The Fever grows upon me, let it grow:
For Oh each Moment of retarded Life
Is added Weight of unrepented Crimes:
Welcome this swift Decay of sick'ning Nature;
My Limbs sink under the prodigious Load
Of Horror that I carry in my Breast.
Arsaces, aid me hence; I hope, my Friend,
'Tis the last Trouble I shall live to give you.

Arsa.
Better the Flower of all your Army mourn'd,
In Streams of Blood, the Shame of a Defeat.

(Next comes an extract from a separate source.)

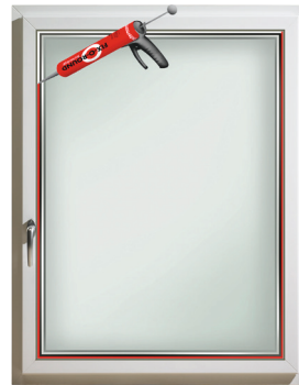
The remaining gap between glass and frame is filled with glue all around.

A short Repose may give you happier Thoughts.

Ant.
It must be only the Repose of Death,
That can disperse this Gloom of baneful Thinking,
By mixing me with those who think no more.
Oh Conscience, Conscience, what can be thy Balm!
What can atone thy Anguish of an Hour?
What Sweets of Empire, or what Waste of Power?
Our idle Grandeur blazes out in vain,
The Baits that strive to charm, assist the Pain;
Our darling Pleasures to our Stings are wrought,
Condemn'd to lash the Sins by which they're bought:
Jove, throw the Engines of thy Tortures by,
The guilty Bosom does them all supply.